Last edited by another-user; May 20, 2009 at 01:52 AM.
I may also be an Idiot, but i'm an idiot who's stereo works, with an amp, and an HEI, with no problems, and i installed all of it.
My system is installed like this.
Head unit, in dash:
Back up power to original stereo ylw wire
Main power to 'batt' tab in fuse box
Stereo ground to original stereo blk gnd wire
Audio out is by way of 2 RCA cables
Signal to Amp is by way of Amp/power ant output blu/wht wire from H/U
Amp, on rear shelf back panel:
Power direct to + terminal of battery, fused w/25A fuse, 10 gauge wire, side terminals, by ylw crimped ring lugs.
Ground is direct to - terminal of battery, unfused, 10 gauge also
Trigger-on in by blu/wht wire, extended, from H/U, above, direct.
Audio in is by way of 12' RCA cables, above
4 channel amp, input switch mode set to 2ch
Rest is speaker wiring.
How does yours differ from this?


I may also be an Idiot, but i'm an idiot who's stereo works, with an amp, and an HEI, with no problems, and i installed all of it.
My system is installed like this.
Head unit, in dash:
Back up power to original stereo ylw wire
Main power to 'batt' tab in fuse box
Stereo ground to original stereo blk gnd wire
Audio out is by way of 2 RCA cables
Signal to Amp is by way of Amp/power ant output blu/wht wire from H/U
Amp, on rear shelf back panel:
Power direct to + terminal of battery, fused w/25A fuse, 10 gauge wire, side terminals, by ylw crimped ring lugs.
Ground is direct to - terminal of battery, unfused, 10 gauge also
Trigger-on in by blu/wht wire, extended, from H/U, above, direct.
Audio in is by way of 12' RCA cables, above
4 channel amp, input switch mode set to 2ch
Rest is speaker wiring.
How does yours differ from this?
Thanks
jim
Last edited by luerja; May 20, 2009 at 09:33 AM.

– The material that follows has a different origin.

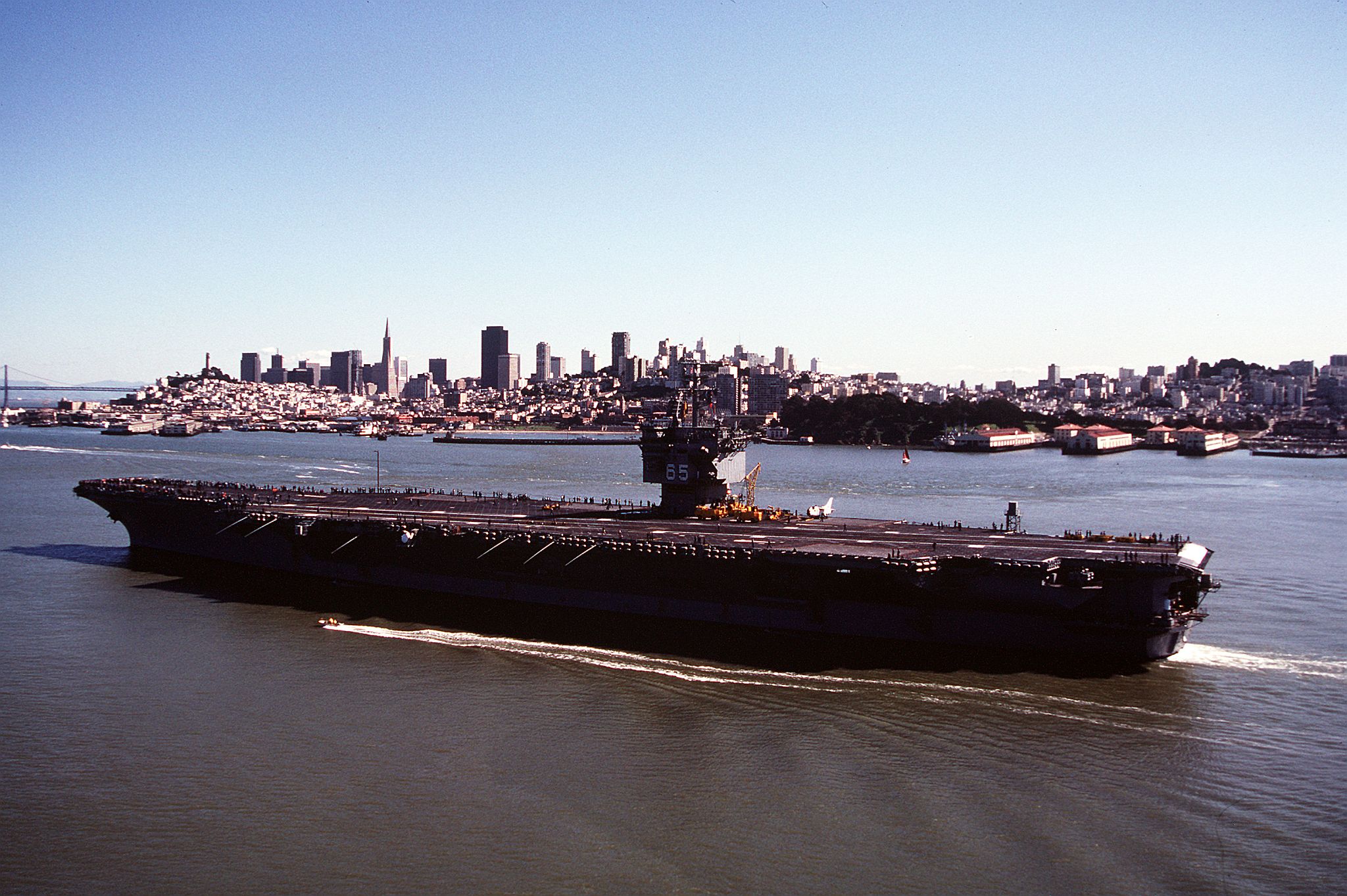 167k | Aerial starboard quarter view of USS Enterprise (CVN-65) underway for a Western Pacific deployment, September 1, 1982. The San Francisco-Oakland Bay Bridge is visible in the background. US Navy photo by PHAN Watts (DVIC id: DN-SN-85-07563). |

Yes, from stereo to amp., it shields the signal. My setup is similar except RCA cables & all stereo power is from bat. w/ switch to turn on, not fusebox. Both stereo & amp. gnd. to bat. I don't normally run the stereo w/ engine on, no problems though.
Where is power to MSD coming from? It is said that stereo power & RCA cables may need to be on different sides of console.


Jim
Yes, from stereo to amp., it shields the signal. My setup is similar except RCA cables & all stereo power is from bat. w/ switch to turn on, not fusebox. Both stereo & amp. gnd. to bat. I don't normally run the stereo w/ engine on, no problems though.

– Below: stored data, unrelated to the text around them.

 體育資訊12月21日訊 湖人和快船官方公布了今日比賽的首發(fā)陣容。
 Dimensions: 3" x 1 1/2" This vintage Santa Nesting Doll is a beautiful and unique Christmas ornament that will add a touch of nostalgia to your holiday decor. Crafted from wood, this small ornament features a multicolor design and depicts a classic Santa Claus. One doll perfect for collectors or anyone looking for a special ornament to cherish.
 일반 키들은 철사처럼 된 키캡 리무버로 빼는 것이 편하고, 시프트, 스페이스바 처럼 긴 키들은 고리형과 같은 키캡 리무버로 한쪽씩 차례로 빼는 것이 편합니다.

Where is power to MSD coming from? It is said that stereo power & RCA cables may need to be on different sides of console.

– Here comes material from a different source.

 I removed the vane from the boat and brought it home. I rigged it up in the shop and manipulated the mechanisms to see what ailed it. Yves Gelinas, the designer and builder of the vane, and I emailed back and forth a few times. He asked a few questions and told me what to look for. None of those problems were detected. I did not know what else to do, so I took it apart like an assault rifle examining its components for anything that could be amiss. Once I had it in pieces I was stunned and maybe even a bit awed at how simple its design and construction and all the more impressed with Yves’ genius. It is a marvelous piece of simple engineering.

I purchased a 4 post optima battery.... so the MSD it connected to one set of posts and the stereo is connected to the other set of posts...
Thanks
jim
Also, I think you may have your power wires for the head unit backwards. I think the yellow wire is supposed to go to the switched source and the red wire to the battery terminal.
You might verify with your stereo's installation manual.
cc


Also, I think you may have your power wires for the head unit backwards. I think the yellow wire is supposed to go to the switched source and the red wire to the battery terminal.
You might verify with your stereo's installation manual.
cc
Last edited by luerja; May 20, 2009 at 12:14 PM.
That's what I expected. I have not seen this problem before & without claiming to be a stereo/electronics expert (there are some in the audio electronics section):
Now don't tell me the MSD is grounded to bat.?
If yes, move that first & test. Next move MSD power from bat. or at least run the power wire away from stereo power wires & test.